NOTE: Updated links on 4/10/22
Encrypt
Encryption is "the process of encoding a message or information in such a way that only authorized parties can access it." The very first thing that you want to do upon purchasing a new computer, phone, or external hard drive is to do a full-disk encryption so that accessing the information requires a key. This could take some time depending on the size of the drive, and even longer if you've already started installing apps and saving data. We'll get to end-to-end encryption for messages later on, but for now your disk information should be protected from anyone who could theoretically remove your hard drive, plug it into a computer, and read or copy the data. Even so, you should drill holes in your hard drives when you dispose of them just in case.
Windows BitLocker
macOS FileVault
Android
iOS
Download
I feel like I shouldn't have to say this, but don't download from sources you don't trust. Email links and attachments are a big offender here, as are websites that advertise the latest and greatest proprietary software for free, in addition to apps with long lists of permissions (why does a flashlight app require access to the Internet and my contacts?). To limit this from happening in your browser without your knowledge, in settings under Downloads select the option to "Ask where to save each file before downloading" (that's what it says in Chrome, anyway). If you were to accidentally download malware, just be sure you're not logged into...
Admin
...an administrator account. This would give the malware free reign to implant itself onto your computer.
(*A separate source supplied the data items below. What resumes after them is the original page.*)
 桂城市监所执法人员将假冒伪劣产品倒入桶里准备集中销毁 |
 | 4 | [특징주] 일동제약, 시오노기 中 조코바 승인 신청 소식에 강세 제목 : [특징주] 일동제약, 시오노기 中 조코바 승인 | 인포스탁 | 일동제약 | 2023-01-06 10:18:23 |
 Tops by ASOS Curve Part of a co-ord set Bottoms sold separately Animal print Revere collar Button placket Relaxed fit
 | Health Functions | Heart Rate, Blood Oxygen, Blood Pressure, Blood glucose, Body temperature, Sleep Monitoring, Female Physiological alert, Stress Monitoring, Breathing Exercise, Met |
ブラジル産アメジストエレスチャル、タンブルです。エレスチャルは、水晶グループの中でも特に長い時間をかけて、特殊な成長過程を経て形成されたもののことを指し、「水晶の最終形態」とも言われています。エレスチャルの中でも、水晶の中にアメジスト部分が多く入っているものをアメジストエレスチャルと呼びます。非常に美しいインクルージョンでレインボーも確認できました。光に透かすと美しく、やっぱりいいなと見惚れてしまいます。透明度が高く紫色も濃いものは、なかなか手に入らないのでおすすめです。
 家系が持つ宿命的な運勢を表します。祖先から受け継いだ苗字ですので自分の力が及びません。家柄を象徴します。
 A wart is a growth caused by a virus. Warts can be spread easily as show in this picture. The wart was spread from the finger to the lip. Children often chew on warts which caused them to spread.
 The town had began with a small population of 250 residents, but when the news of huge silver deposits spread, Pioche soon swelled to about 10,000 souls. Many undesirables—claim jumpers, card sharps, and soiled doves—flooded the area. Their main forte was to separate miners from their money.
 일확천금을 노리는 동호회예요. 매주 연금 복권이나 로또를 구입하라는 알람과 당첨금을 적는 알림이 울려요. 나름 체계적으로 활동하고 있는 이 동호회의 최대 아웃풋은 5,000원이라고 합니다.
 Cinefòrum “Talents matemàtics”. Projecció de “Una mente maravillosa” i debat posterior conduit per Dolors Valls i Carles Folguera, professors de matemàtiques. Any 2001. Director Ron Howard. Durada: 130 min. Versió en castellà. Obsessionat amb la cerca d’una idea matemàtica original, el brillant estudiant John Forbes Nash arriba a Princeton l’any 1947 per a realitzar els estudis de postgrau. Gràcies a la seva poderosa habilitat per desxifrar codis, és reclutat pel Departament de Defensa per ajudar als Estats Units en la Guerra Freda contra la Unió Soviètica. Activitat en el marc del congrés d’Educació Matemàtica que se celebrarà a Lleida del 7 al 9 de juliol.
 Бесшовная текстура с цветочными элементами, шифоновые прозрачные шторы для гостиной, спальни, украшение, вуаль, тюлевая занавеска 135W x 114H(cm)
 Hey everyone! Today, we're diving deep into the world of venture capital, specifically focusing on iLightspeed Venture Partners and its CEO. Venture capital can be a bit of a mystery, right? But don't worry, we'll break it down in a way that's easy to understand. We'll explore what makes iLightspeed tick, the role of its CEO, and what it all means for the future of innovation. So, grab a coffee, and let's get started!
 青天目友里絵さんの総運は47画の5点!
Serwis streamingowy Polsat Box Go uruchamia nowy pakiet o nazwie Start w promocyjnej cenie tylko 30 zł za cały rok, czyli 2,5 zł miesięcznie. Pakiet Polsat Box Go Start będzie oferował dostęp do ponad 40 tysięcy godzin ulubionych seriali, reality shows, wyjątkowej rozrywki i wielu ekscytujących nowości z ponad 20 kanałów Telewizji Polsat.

That's why it's important to create a separate "standard user" account for your day-to-day activities, and only authenticate with an admin password when necessary to install trusted software and make other changes. It's damage control if the worst were to happen. The best time to set this up is when you reformat (I start fresh with all devices once a year) or get a new desktop or laptop (it's much harder to pull off on mobile), preferably right after you encrypt your drive. ~_^ Then log in as the standard user and use as normal.
Windows
macOS
Update Frequently
Updates that "brick" your device aside, the best thing you can do to ensure that your device has the latest software to fix bugs and patch security vulnerabilities is to set up automatic updates. This goes for both your OS and your trusted apps.
Windows
macOS
Android apps
iOS apps
Browser
The only 100% safe computer is the one that's off and buried under 10 feet of dirt... and even then, well, it's questionable. As soon as you turn on mobile data or Wifi, or plug into the Ethernet port, your risk of an attack increases exponentially. Your web browser is a window to the outside world, but it's also a window back to you and your device. The Onion Router (Tor) browser, originally developed by the Navy, "is intended to protect the personal privacy of users, as well as their freedom and ability to conduct confidential communication by keeping their Internet activities from being monitored." While it isn't perfect, it offers an all-in-one package to increase anonymity, and you can search all day using DuckDuckGo (sorry, Google) without worry about tracking.
Windows and macOS
Android Orfox and Orbot (both required)
iOS (Unofficial)
Although Tor is the go-to for anonymity and the dark web, there are three extensions I recommend to browse more securely with software we already know and love (think Chrome and Firefox). This security can be magnified in conjunction with VPNs (see below).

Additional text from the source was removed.